**ACTIVITY:** Copy the lines below word for word, skipping any image.

**DATASET CONTENT:**

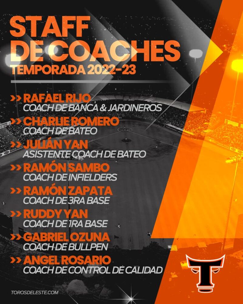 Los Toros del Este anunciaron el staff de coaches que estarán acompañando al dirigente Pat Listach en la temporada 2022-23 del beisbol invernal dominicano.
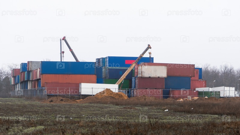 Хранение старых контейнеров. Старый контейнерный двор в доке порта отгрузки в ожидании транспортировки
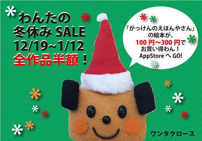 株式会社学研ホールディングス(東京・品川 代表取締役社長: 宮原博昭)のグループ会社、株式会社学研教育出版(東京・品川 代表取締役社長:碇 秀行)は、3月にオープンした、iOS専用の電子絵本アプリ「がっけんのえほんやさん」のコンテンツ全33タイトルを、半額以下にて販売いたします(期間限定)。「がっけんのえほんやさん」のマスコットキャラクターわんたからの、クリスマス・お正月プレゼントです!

**YOUR RESPONSE:**
 Los Toros del Este anunciaron el staff de coaches que estarán acompañando al dirigente Pat Listach en la temporada 2022-23 del beisbol invernal dominicano.
 Хранение старых контейнеров. Старый контейнерный двор в доке порта отгрузки в ожидании транспортировки
 株式会社学研ホールディングス(東京・品川 代表取締役社長: 宮原博昭)のグループ会社、株式会社学研教育出版(東京・品川 代表取締役社長:碇 秀行)は、3月にオープンした、iOS専用の電子絵本アプリ「がっけんのえほんやさん」のコンテンツ全33タイトルを、半額以下にて販売いたします(期間限定)。「がっけんのえほんやさん」のマスコットキャラクターわんたからの、クリスマス・お正月プレゼントです!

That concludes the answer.